◆ **What needs to be done**
Write out, exactly and only, the lines that run from the top of the records to the line with "The representative of". Include both ends; exclude pictures.

◆ **Stored data entries**
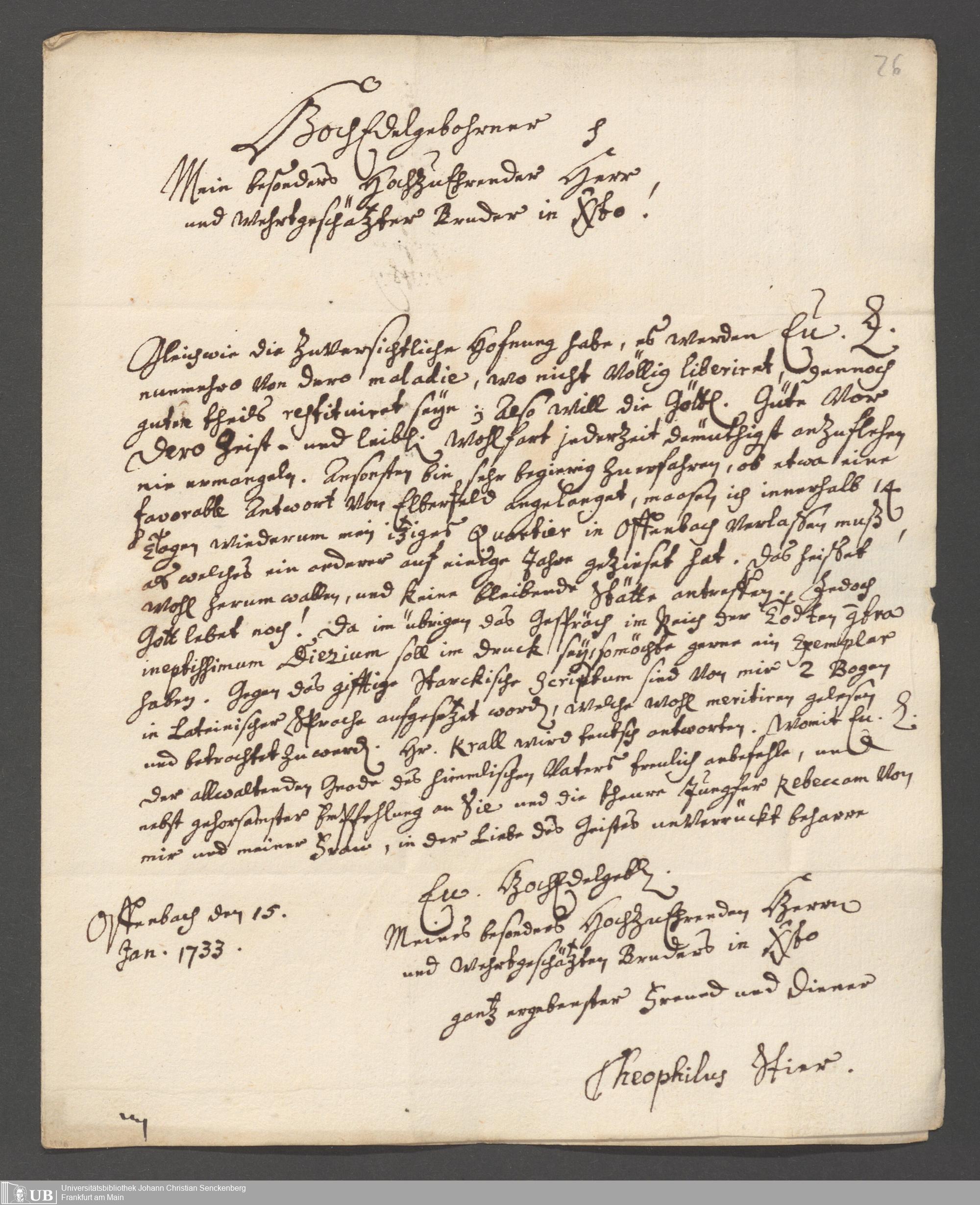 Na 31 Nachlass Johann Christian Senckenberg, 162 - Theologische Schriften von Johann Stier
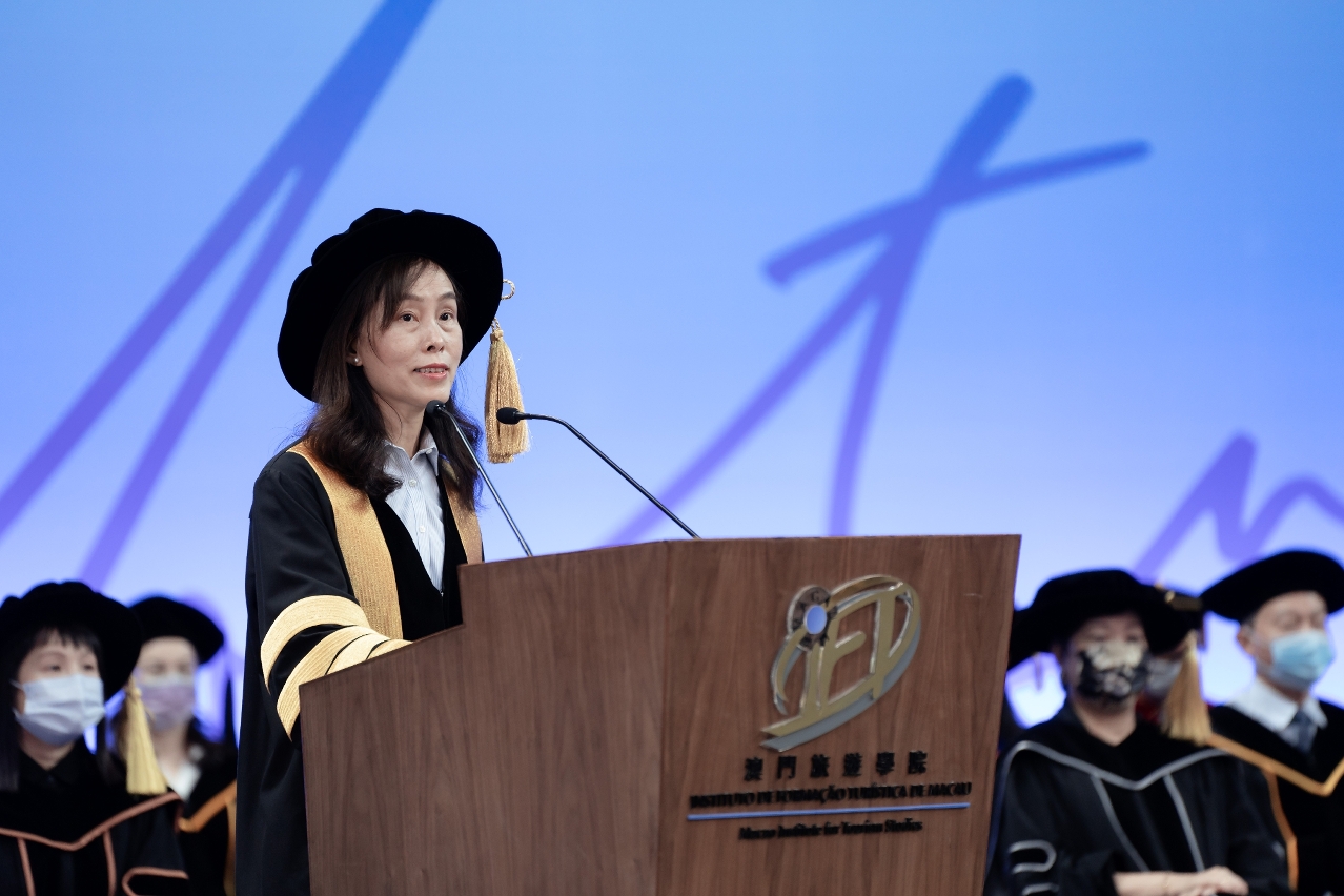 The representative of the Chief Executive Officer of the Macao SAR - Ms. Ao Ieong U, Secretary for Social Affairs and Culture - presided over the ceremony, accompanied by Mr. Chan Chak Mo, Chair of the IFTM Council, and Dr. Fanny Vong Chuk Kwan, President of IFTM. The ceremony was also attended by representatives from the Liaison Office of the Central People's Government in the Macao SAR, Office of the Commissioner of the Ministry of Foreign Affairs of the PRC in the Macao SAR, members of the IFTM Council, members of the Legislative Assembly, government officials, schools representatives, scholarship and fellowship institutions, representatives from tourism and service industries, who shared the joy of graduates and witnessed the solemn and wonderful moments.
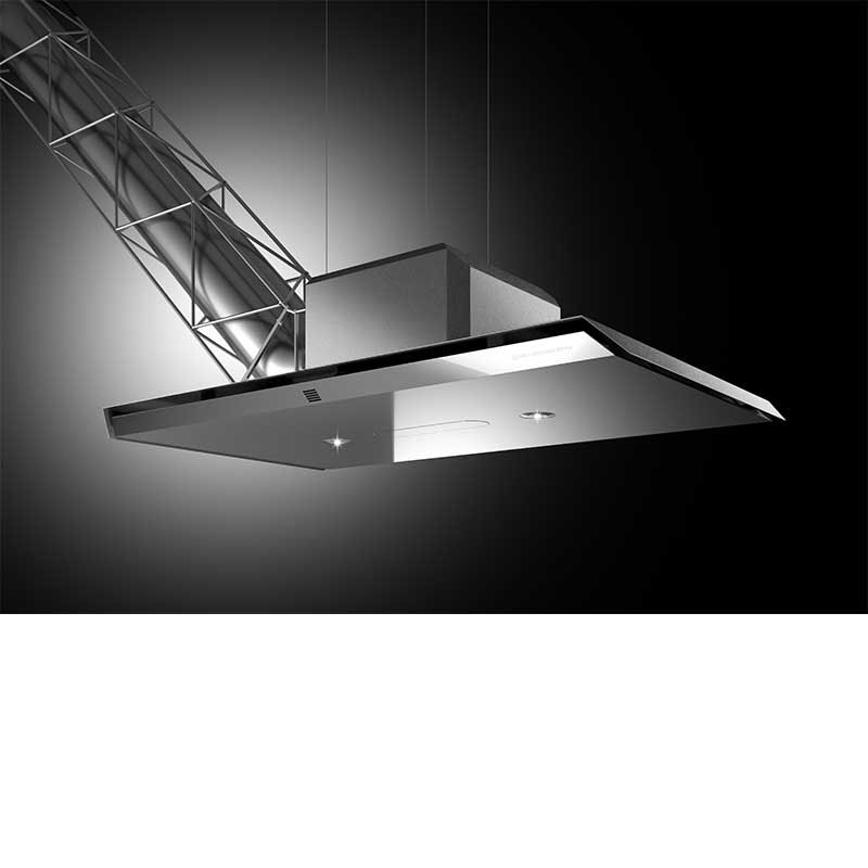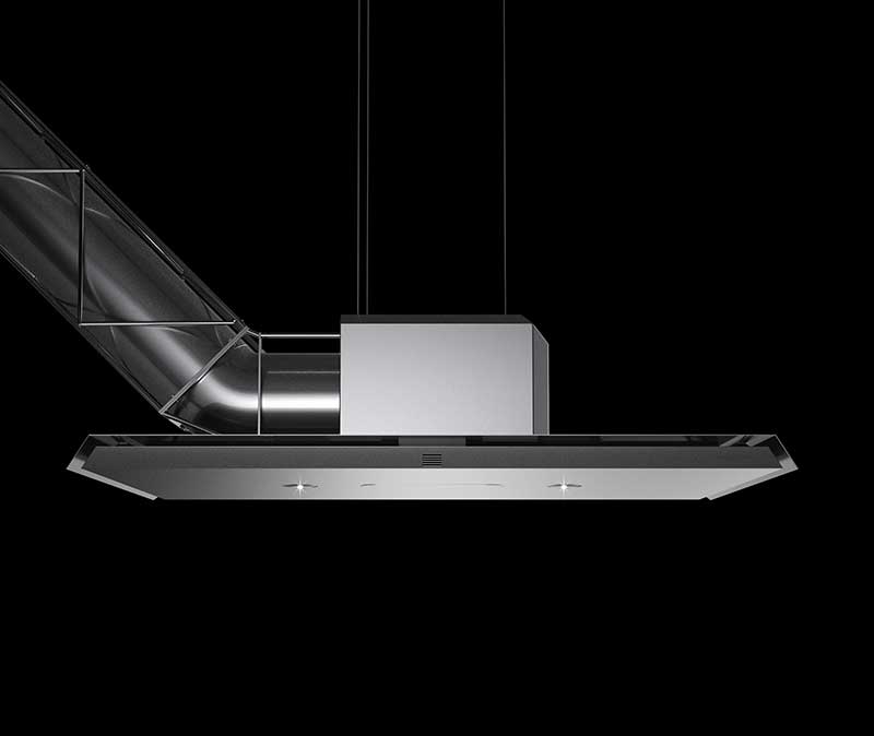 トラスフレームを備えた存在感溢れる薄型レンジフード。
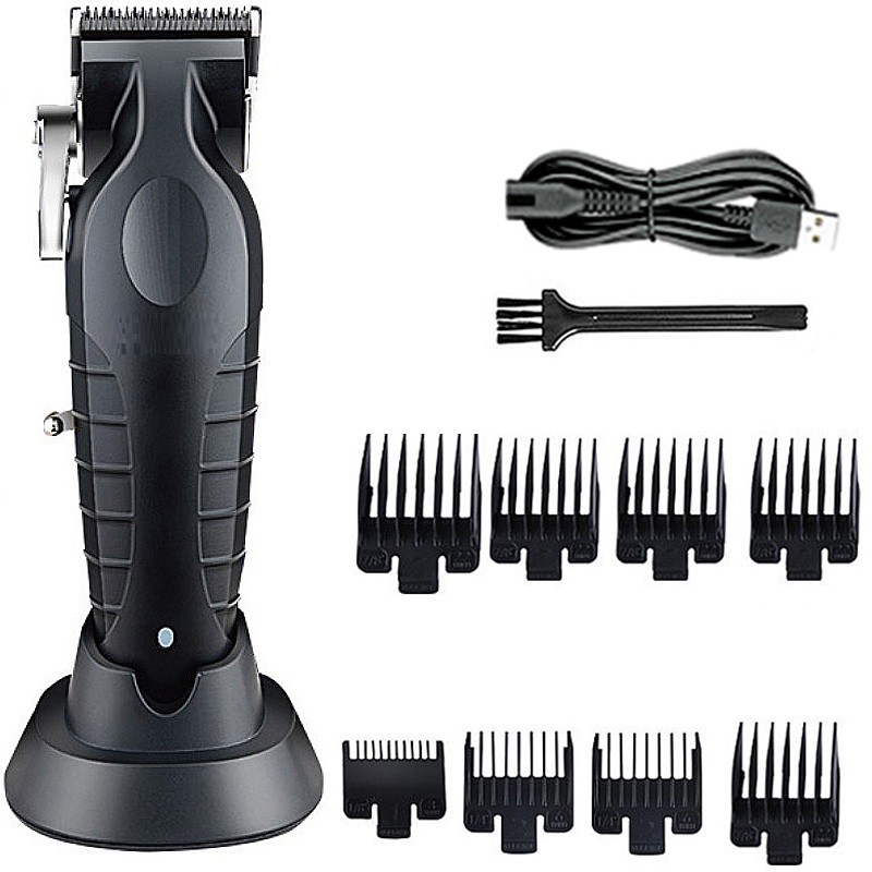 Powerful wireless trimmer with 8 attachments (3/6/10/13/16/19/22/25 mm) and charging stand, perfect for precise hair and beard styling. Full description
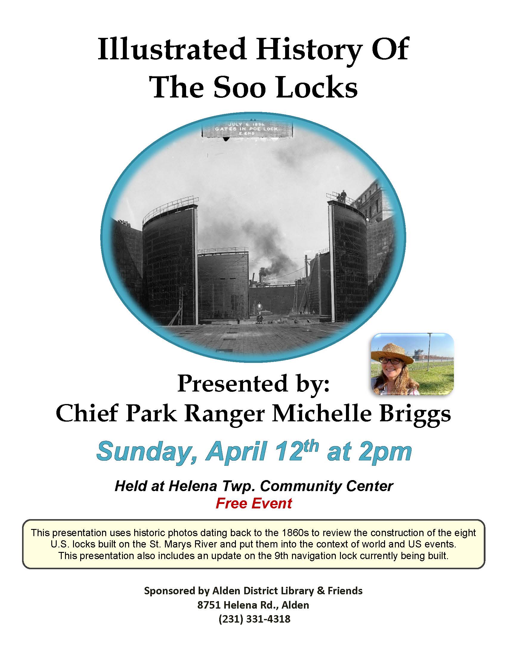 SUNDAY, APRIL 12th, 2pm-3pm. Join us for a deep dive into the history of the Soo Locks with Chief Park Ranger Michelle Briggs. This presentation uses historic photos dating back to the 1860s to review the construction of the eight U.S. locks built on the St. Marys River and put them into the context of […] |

◆ **Written response**
 Na 31 Nachlass Johann Christian Senckenberg, 162 - Theologische Schriften von Johann Stier
 The representative of the Chief Executive Officer of the Macao SAR - Ms. Ao Ieong U, Secretary for Social Affairs and Culture - presided over the ceremony, accompanied by Mr. Chan Chak Mo, Chair of the IFTM Council, and Dr. Fanny Vong Chuk Kwan, President of IFTM. The ceremony was also attended by representatives from the Liaison Office of the Central People's Government in the Macao SAR, Office of the Commissioner of the Ministry of Foreign Affairs of the PRC in the Macao SAR, members of the IFTM Council, members of the Legislative Assembly, government officials, schools representatives, scholarship and fellowship institutions, representatives from tourism and service industries, who shared the joy of graduates and witnessed the solemn and wonderful moments.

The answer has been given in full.